Matrimonio Tutor: Eso es porque tienes que entregarte más. Tienes que conquistar su corazón a base de entregarte tú. Así quiere el Señor conquistar su corazón, así conquista el tuyo.
Haced vuestro amor ¡Incontestable!

Madre,

Tú estuviste junto al Maestro del Amor. Tú aprendiste a amar en primera fila. Haz lo que tengas que hacer en nosotros, pero enséñanos a amar como Él. Alabado sea el Señor que ha conquistado mi corazón “por goleada”.

Un comentario en “¡Incontestable! Comentario para Matrimonios: Juan 13, 1-15

  1. José y Elvira

    Para amar hay que ser amado.
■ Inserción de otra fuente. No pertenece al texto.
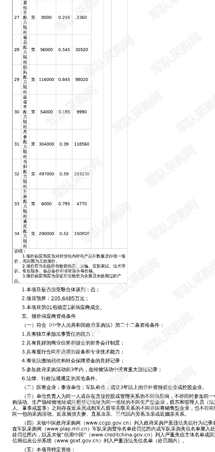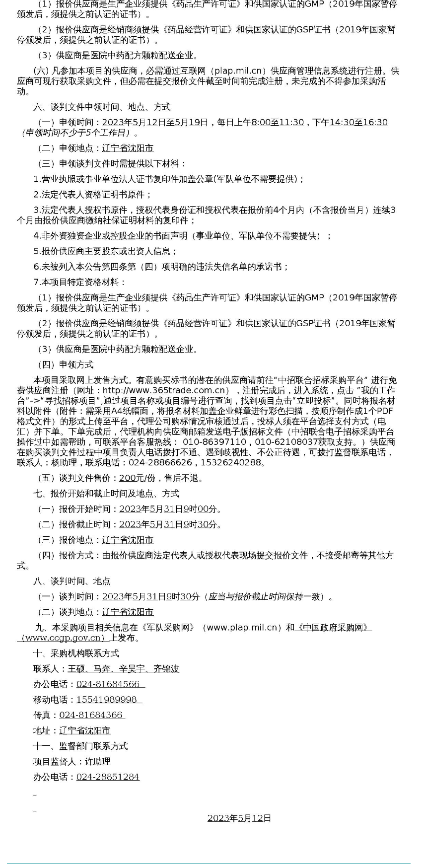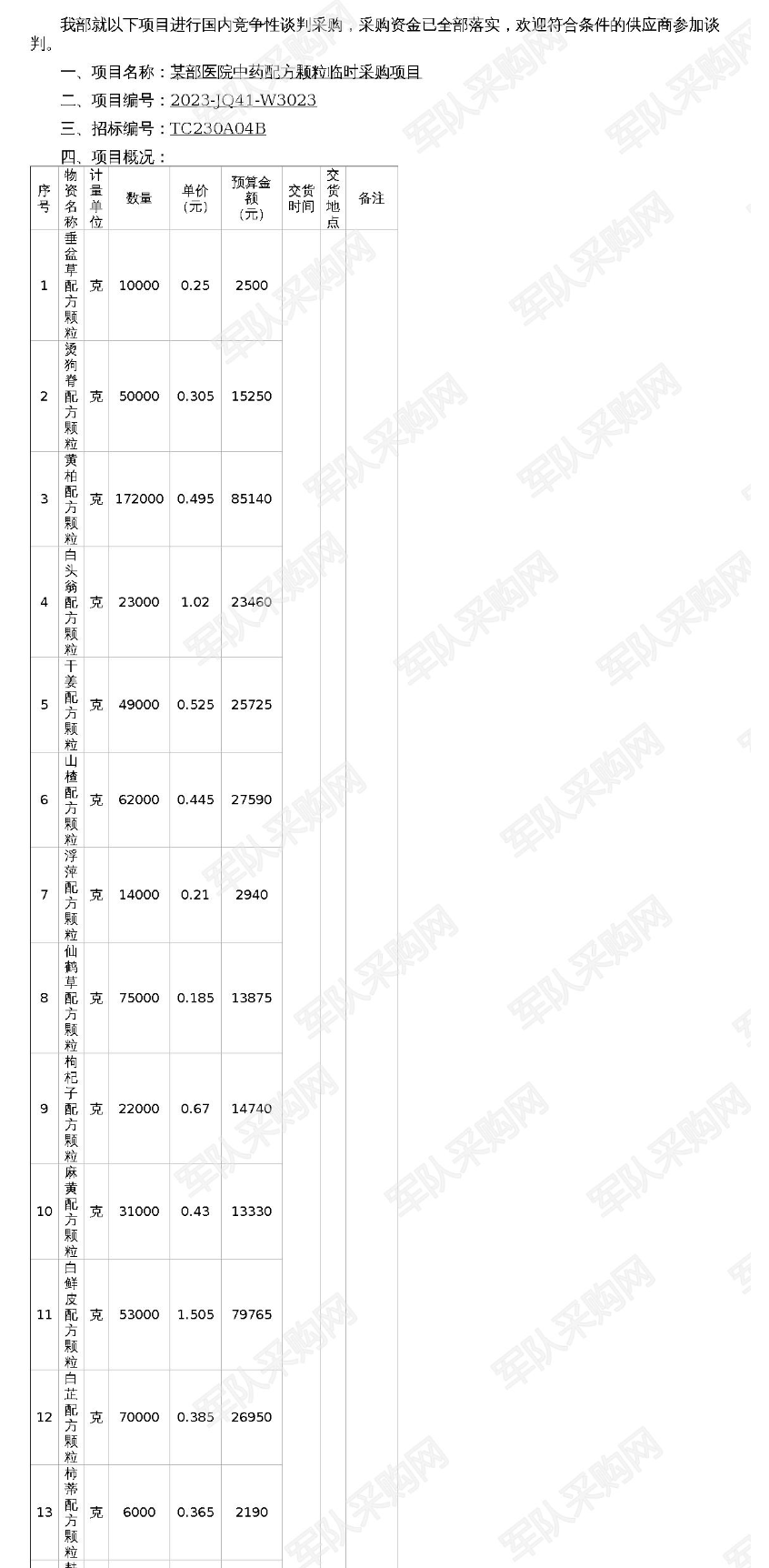 【军队采购】军队采购网某部医院中药配方颗粒临时采购项目竞争性谈判公告(2023-JQ41-W3023)
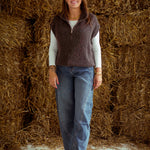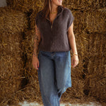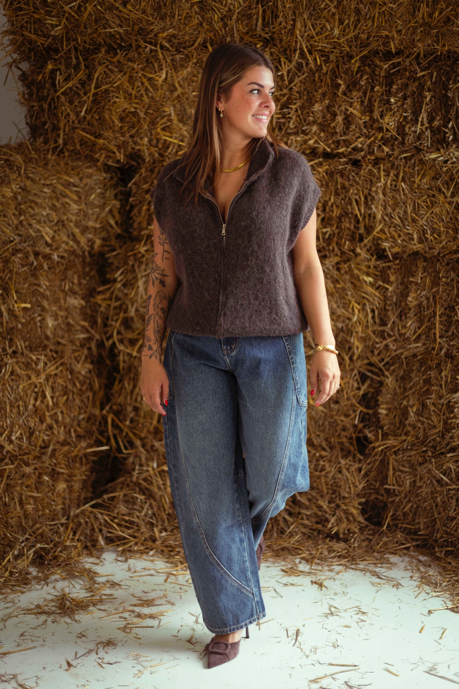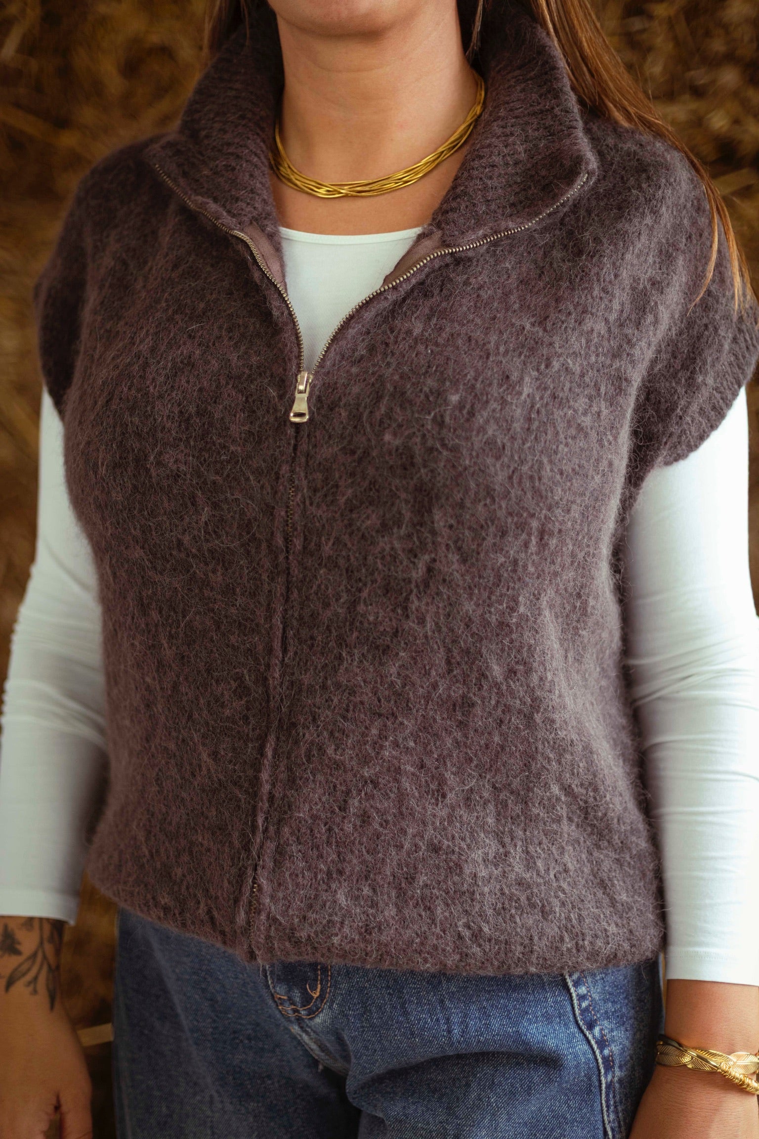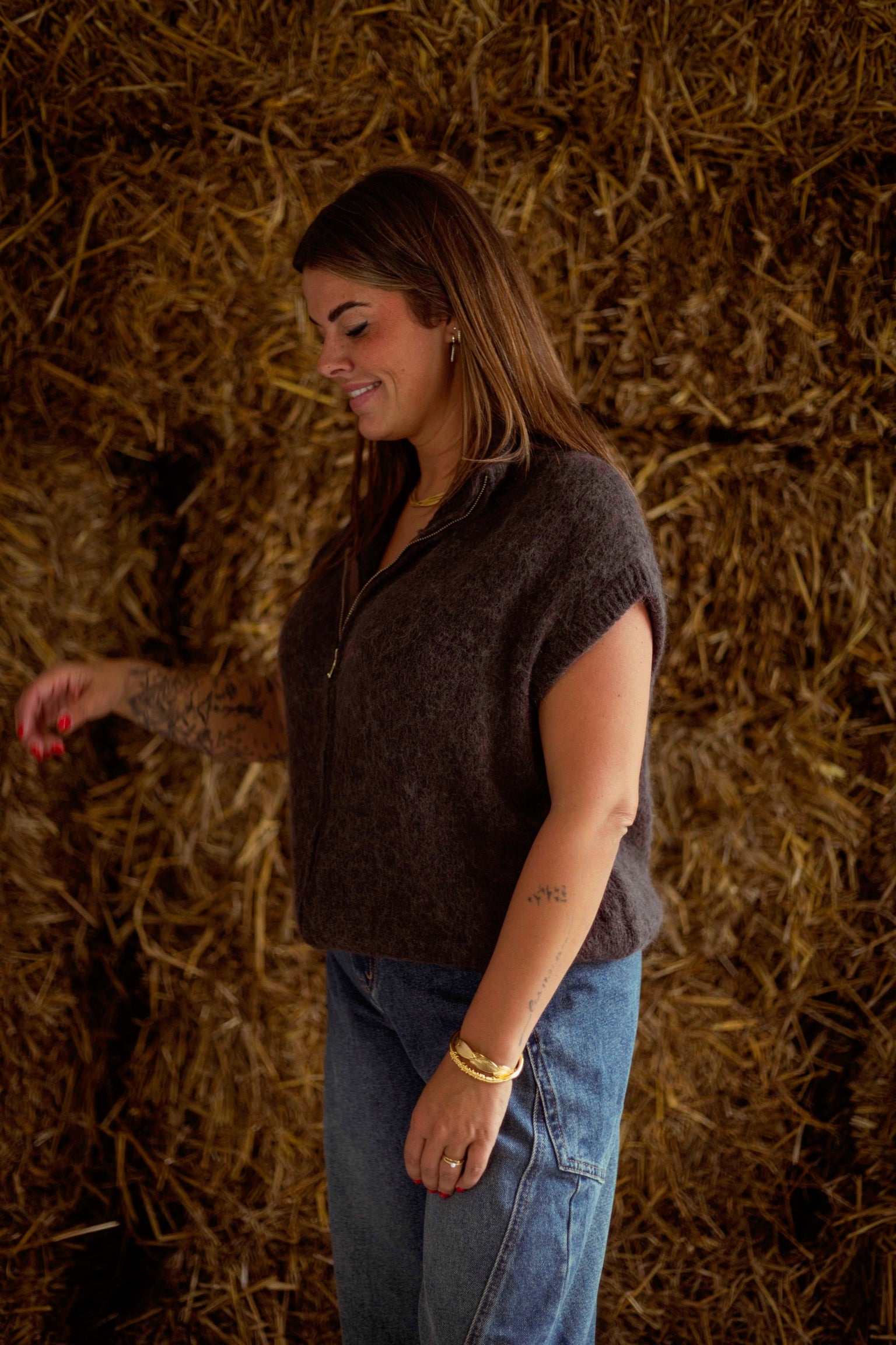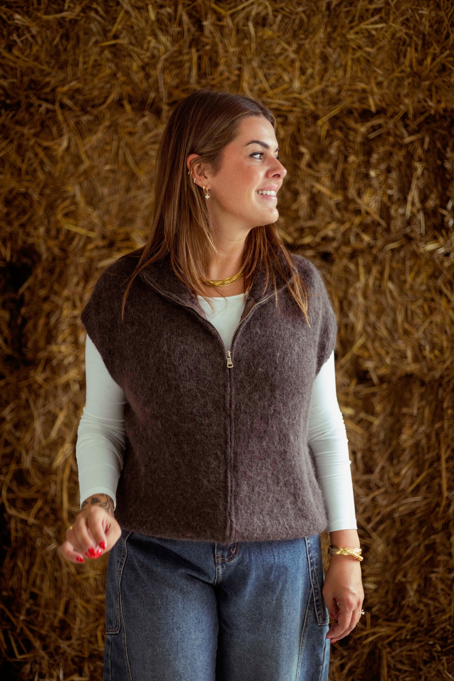 Een grove knit met rits in een warme bruintint, ideaal voor wisselvallig herfstweer. De rechte snit en hoge kraag zorgen voor een praktische maar stijlvolle laag over elke outfit. Werkt goed met jeans of een losvallende pantalon.
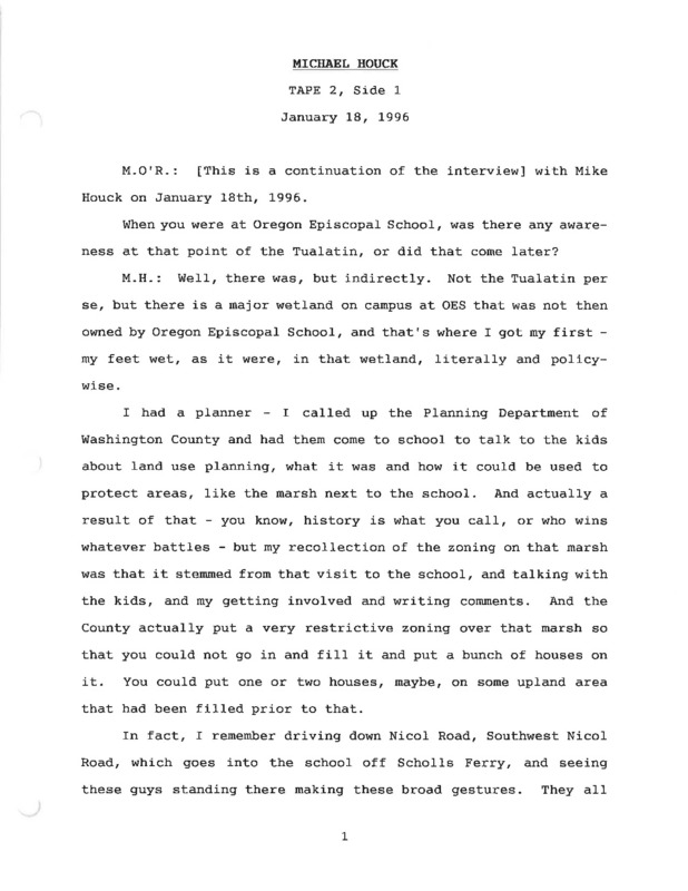- An audio recording of an oral history of Mike Houck. There is a transcript of this interview.
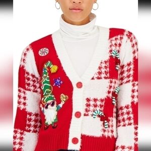A mixture of plaid and fun holiday graphics evoke the season on Hooked Up by IOT's cute, comfy cardigan.
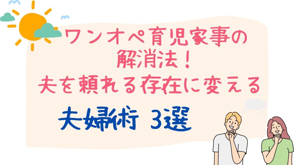 次に、ワンオペ育児家事の解消法!夫を頼れる存在に変える夫婦術3選。
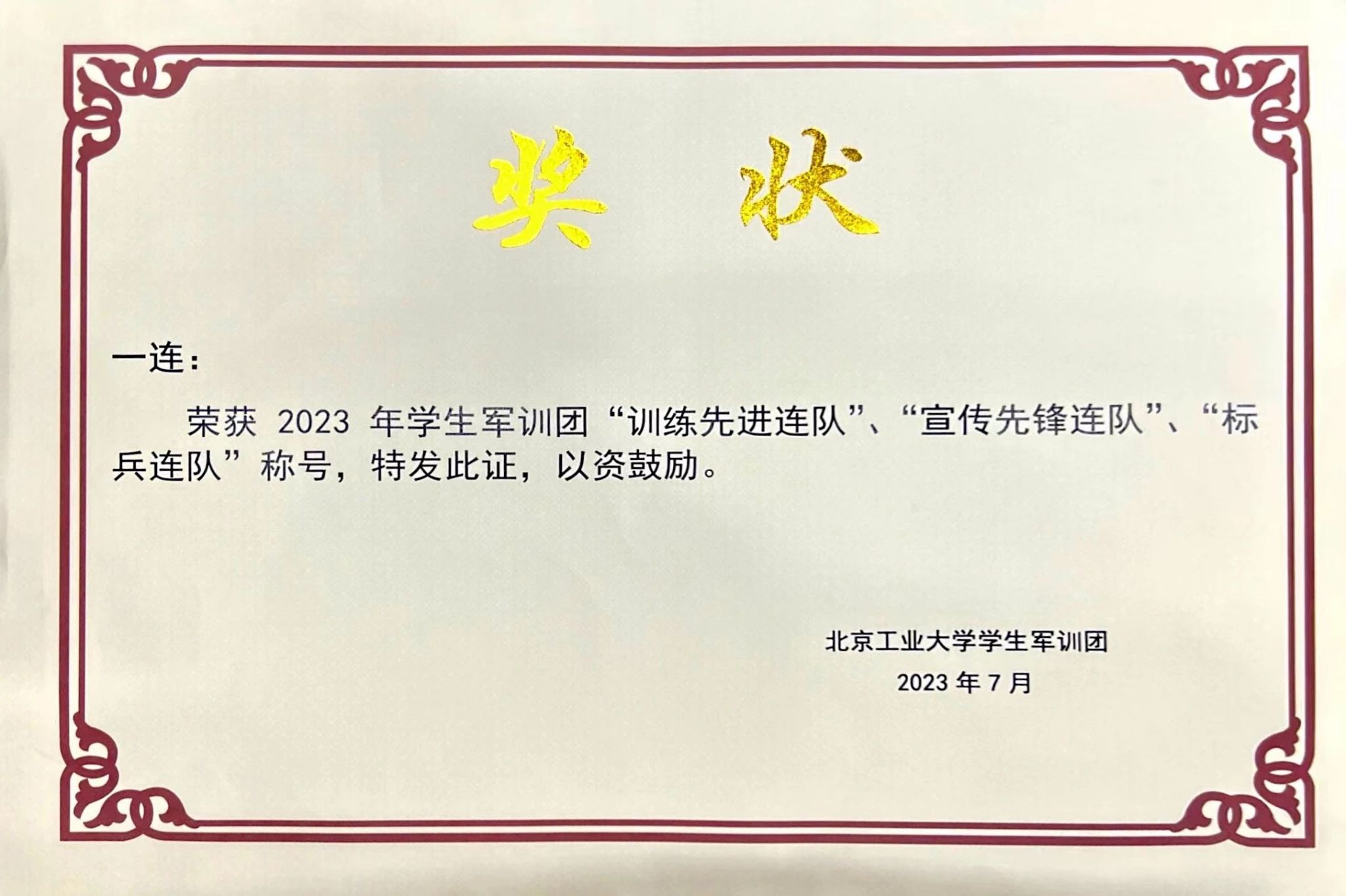 作为军训学员,42名同学被编为一连五班,形成了人数最少的方阵之一,在烈日开道的高温天气里,随着教官的精心组织和耐心训练,同学们训练了齐步走、正步走等基础性队列动作,并接受了军事射击训练、安全教育训练等。最终,经过十天的训练,同学们心往一处想,劲往一处使,反复的踩点排练追求分列式的极致,圆满完成了军训的成果展示,所在连队获得了“训练先进连队”称号、“宣传先锋连队”称号、“标兵连队”称号。

El ser humano recibe el cariño de sus padres siendo un bebé. Jesús nos invita a que amenos. Pero primero nos ama Él. Y nos ama rebajándose a la condición de esclavo lavándole los pies a sus discípulos.
    Es su ejemplo. En el caso del matrimonio ha de entenderse que el amar significa entregarse sin reservas. Que ese amor conyugal ha de transmitirse a los hijos y a todas las personas de su entorno para dar testimonio de su amor a Cristo. Estamos hablando desde el punto de vista del creyente.
    Virgen María, Madre Ntra. ayúdanos a empaparnos del Amor de Cristo para amar como tú lo hacías.